Another way to attack the labeling bottleneck is to skip individual human annotation almost entirely. Weak supervision generates labels with noisy automated sources: heuristic rules, distant supervision from existing knowledge bases, crowdsourced labels of varying quality, or outputs from other models.
Snorkel is the best known system in this family. Developed at the Stanford AI Lab and first described in a 2017 VLDB paper by Alexander Ratner and colleagues, Snorkel asks domain experts to write "labeling functions," short pieces of code that programmatically label data points or abstain. Each function on its own is noisy and incomplete, but Snorkel's generative model learns how reliable each is, denoises their outputs, and produces probabilistic training labels. In one published user study, experts using Snorkel built models 2.8 times faster and achieved 45.5% higher predictive performance than they did by hand labeling for seven hours. Snorkel DryBell, a follow-up case study at Google, used the same approach to train production text classifiers without manually labeled training data.
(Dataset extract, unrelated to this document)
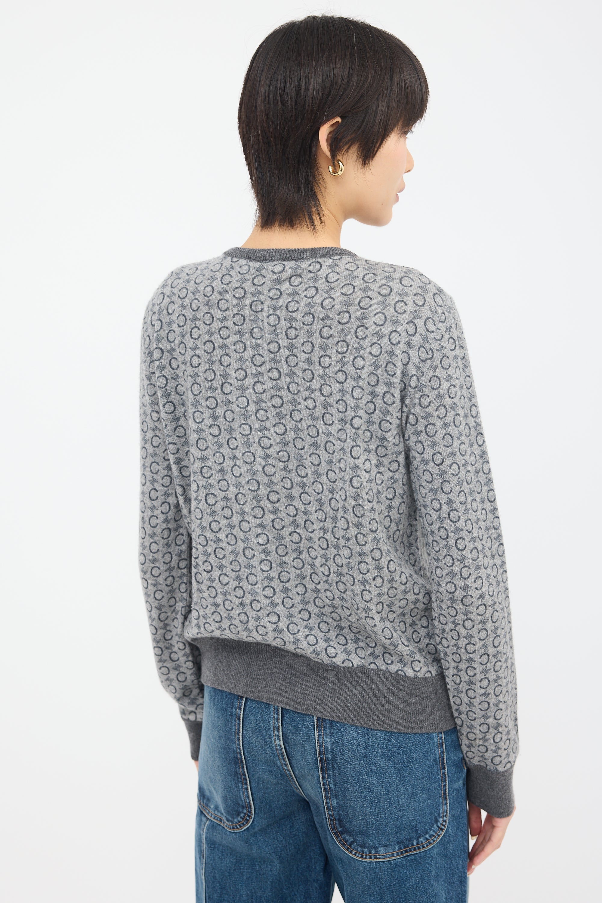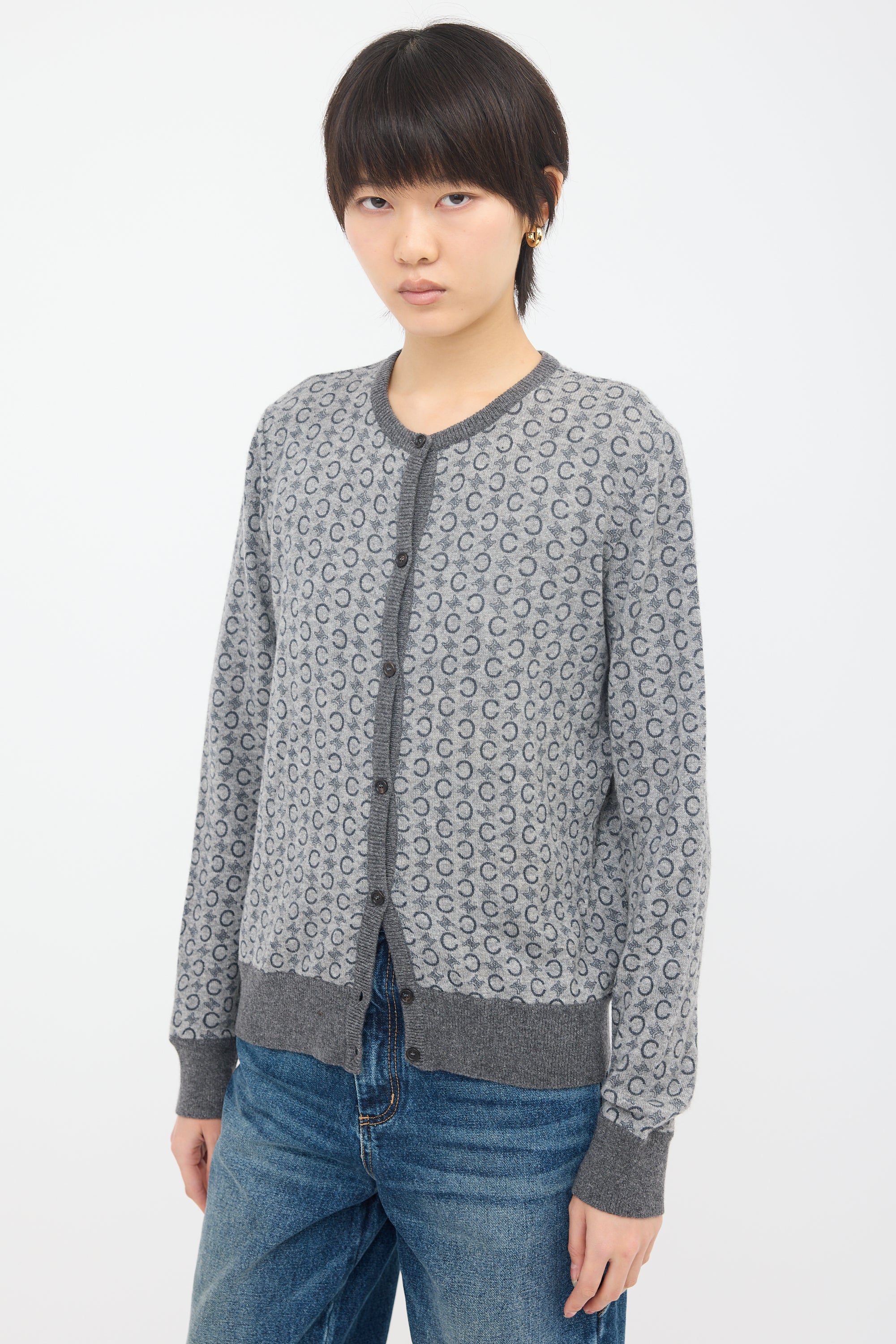 Pre-owned Celine vintage grey cardigan featuring a tonal Triomphe and "C" motif pattern, round neckline, button front, and ribbed trim.

Related approaches include distant supervision (using a knowledge base to auto-label text mentions), self-training (a model labels new examples for itself), and semi-supervised methods that combine a small labeled set with a much larger unlabeled set.
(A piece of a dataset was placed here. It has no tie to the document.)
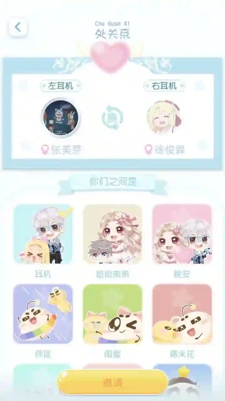 在小肚皮APP内的「处关系」界面里,还有很多听起来让人摸不着头脑的关系,比如「晚安」关系、「耳机」关系、「爆米花」关系等。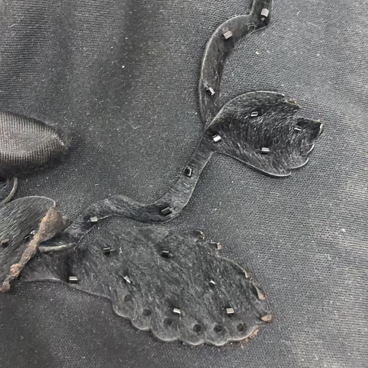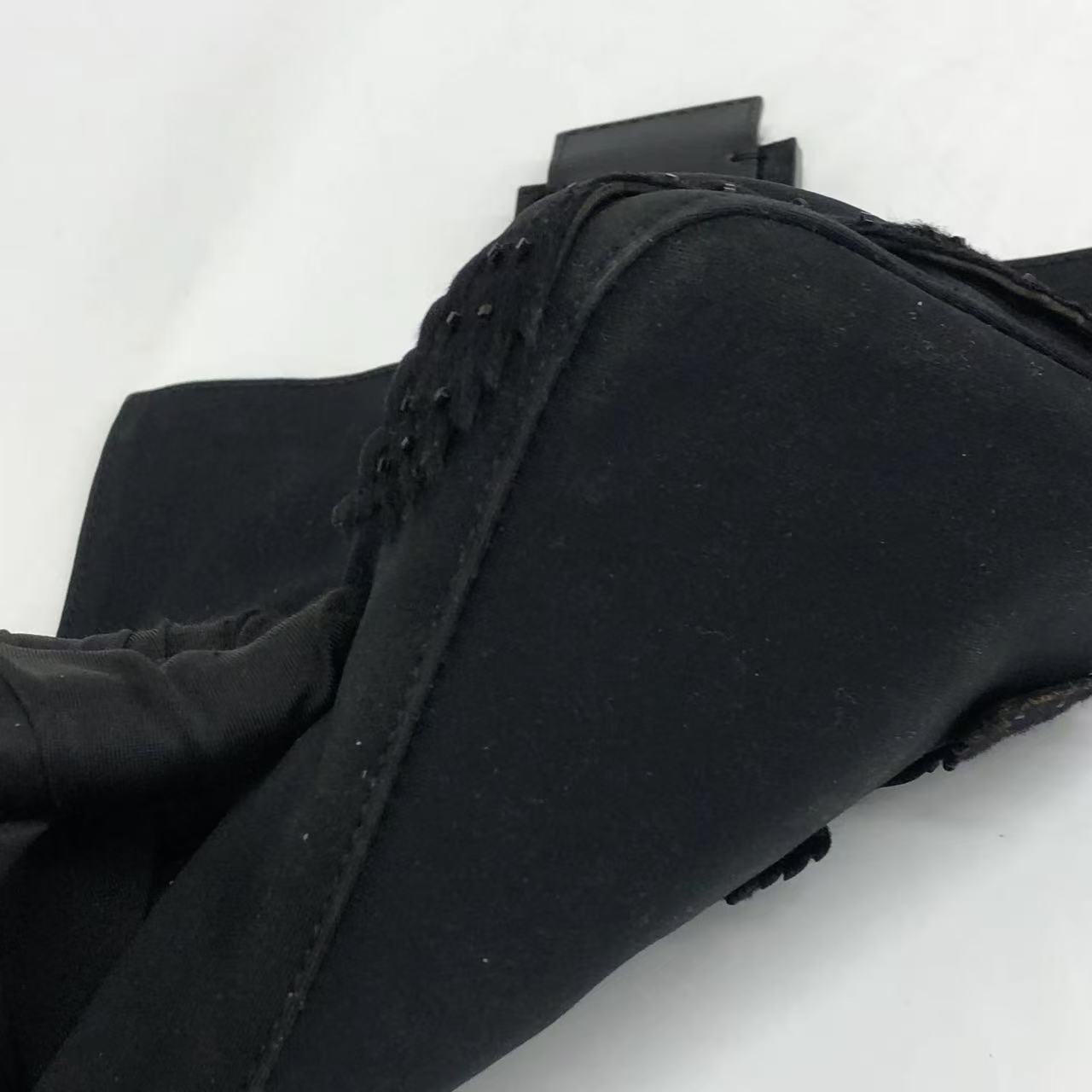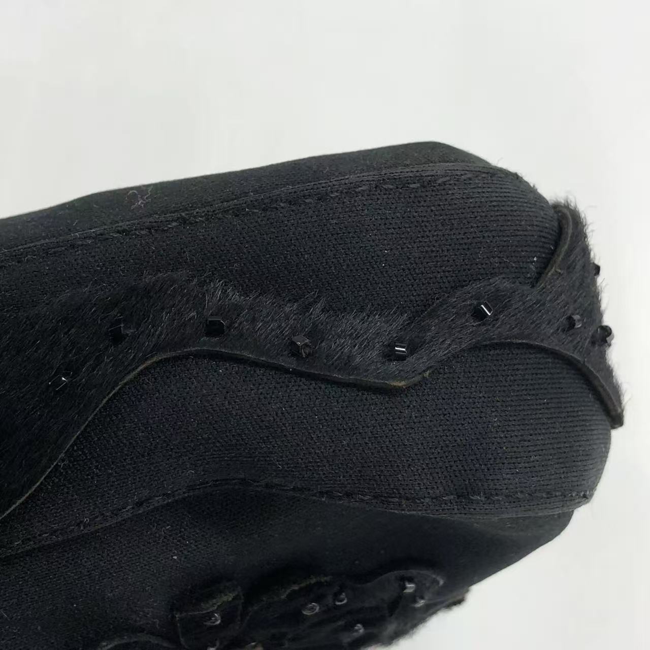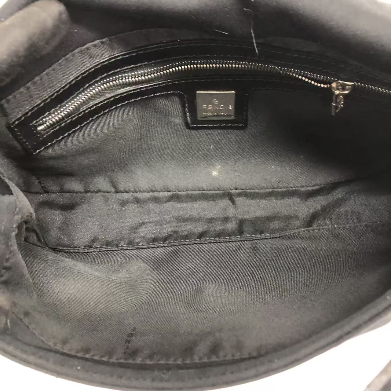 FENDI Baguette Vintage Black Cloth With Flower Embroidery Silver Hardware

The contrast with unlabeled examples is fundamental to understanding what each branch of machine learning does:
| Concept | Has features | Has label | Used by |
|---|---|---|---|
| Labeled example | Yes | Yes | Supervised learning, evaluation |
| Unlabeled example | Yes | No | Unsupervised learning, inference, semi-supervised learning |
| Partially labeled example | Yes | Some labels missing | Semi-supervised, multi-task learning |
Supervised learning needs labeled examples for training and evaluation. Unsupervised learning works directly on unlabeled examples and tries to find structure such as clusters or low-dimensional manifolds. Semi-supervised learning combines a small labeled set with a much larger unlabeled set, using techniques like pseudo-labeling, consistency regularization, and self-training. Self-supervised learning, the approach behind modern foundation models, sidesteps the labeling problem by inventing prediction tasks from the raw data: predict the next word, predict a masked patch of an image, predict whether two sentences are adjacent.
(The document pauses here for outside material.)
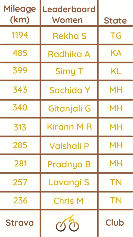There are 11 women in the top 100 this week, 2 less than last week.Rekha S from Telangana was top of the charts this week. Riding an incredible 1194 km. She is 19th overall. She was second last week.
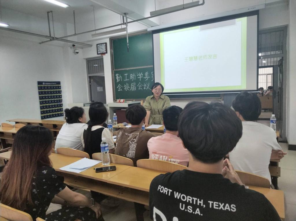 最后由王慧慧老师进行总结发言,王老师对现任各部门干部的工作给予高度肯定,并希望他们继续发扬不怕吃苦,冲锋在前的精神。王老师还对新一届学生干部提出工作要求,她希望大家对待工作要有责任心,做好学院与学生沟通的桥梁,并期待新一届干部能够传承勤工助学委员会的优良作风,继续努力,再创辉煌。

A subtle failure mode is label leakage. This happens when a feature in the training data is actually a downstream consequence of the label, or even a near-duplicate of it. A model trained on such features looks great on the validation set but fails in production, because the leaky feature is not available at prediction time. A 2023 review of leakage in scientific machine learning identified at least 294 affected academic publications across 17 disciplines. Careful definition of what counts as a feature versus what counts as label-adjacent information is a routine part of dataset design.
Imagine you are learning to sort fruit. Your mom shows you a basket and tells you the name of each piece: "that's an apple, that's an orange, that's a banana." Each fruit is an example. The features are what you see and feel: the color, the shape, the smell. The name your mom tells you is the label. After enough rounds, you can sort new fruits on your own.
Machine learning models learn the same way. A labeled example gives the computer both the inputs (features) and the right answer (label) so it can learn the link between them. An unlabeled example is a fruit with no name attached: the computer can still describe it, but to learn what it is, somebody has to do the labeling first.